Wide-column flexibility doesn’t have to come at the expense of performance — see where the two models differ, where each one wins, and why you no longer have to choose

Aerospike published a paid benchmark to show it’s faster. Color me surprised…it defined the winner as itself. Aerospike benchmarked the one workload its architecture is built for. This article shares the fuller picture: what a wide-column database does that a key-value store can’t, why that’s a genuinely harder engineering problem, and how — even with broader capabilities — ScyllaDB still beats Aerospike at its own (rather limited) game.

Let’s start by giving Aerospike its due.
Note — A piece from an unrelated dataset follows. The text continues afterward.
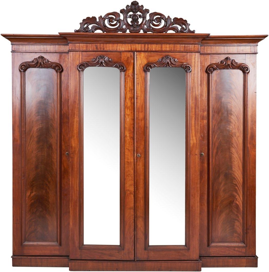 A fine carved cedar breakfront wardrobe by Hill and Sons, Sydney, Australian, circa 1860 with Hill and Sons paper maker's label to verso 245cm high, 242cm wide, 60cm deep

It’s a very good key/value database. Caching keys in RAM while values sit on fast NVMe is a clever design for a simple K/V model: you get excellent throughput and superb low latency. But when a vendor enters your backyard with a benchmark, the right response is to educate the market on what the numbers leave out. The challenge also inspired us to build a pure K/V option of our own. (More on that later.)

ScyllaDB is a more sophisticated database. It belongs to the wide-column NoSQL family, a strict superset of key/value. The model gives every row a full set of clustering keys. A single row can hold millions of independent entries, and any one cell can be read or written without touching the rest. High availability and disaster recovery are baked into the model, along with configurable replication, local and global indexes, best-in-class elasticity, and a managed service with bring-your-own-cloud, encryption, bring-your-own-keys, and security built in.

This post explains why wide-column flexibility doesn’t have to come at the expense of performance. We’ll show where the two models differ, where each one wins, and why you no longer have to choose.

Wide-column (KKV) vs key/value (KV)

A key/value store is a collection of rows, each with a key and a value. That value might be a single element or a set of bins, but they all share one unit of allocation. A wide-column database, by contrast, can host millions of independent cells in each row. Think of it as a key-key-value: a partition key locates the row, and ordered clustering keys locate multiple cells within it.

Clustering keys unlock real access patterns

Because clustering keys allow you to sort, ScyllaDB is a natural time-series database. Partition by sensor_id, cluster by timestamp, and “fetch every reading for sensor A between Tuesday and Friday” becomes an efficient range scan. The same shape powers messaging, event logs, IoT, and ML feature stores.

A few of the patterns this enables:

Time-series: latest-N is a cheap head read

PRIMARY KEY ((sensor_id), reading_ts) WITH CLUSTERING ORDER BY (reading_ts DESC)
-- Range slice: WHERE sensor_id=? AND reading_ts >= ? AND reading_ts < ?

Use partition keys as partition IDs and time buckets as clustering keys. It’s a classic time-series use case with features like TTL, time window compaction strategies, and easy tiering of time-based storage.

Messaging (the Discord shape): order comes for free

PRIMARY KEY ((channel_id, bucket), message_id) WITH CLUSTERING ORDER BY (message_id DESC)

And more patterns, not just time-based…

Leaderboard: the top of the partition IS the ranking

PRIMARY KEY ((game_id, season), score, player_id) WITH CLUSTERING ORDER BY (score DESC)

Key-key-value / generic attribute store

Emulate a map of independently updatable fields per entity by clustering on the attribute name. This is the cell-level-update advantage over plain K/V —  no read-modify-write, explained below.

PRIMARY KEY ((entity_id), attr_name) -- (attr_name, value) rows

Adjacency list / graph edges

Partition per vertex, cluster by edge type then neighbor, so you can slice “all FOLLOWS edges for user X.”

PRIMARY KEY ((vertex_id), edge_type, target_id)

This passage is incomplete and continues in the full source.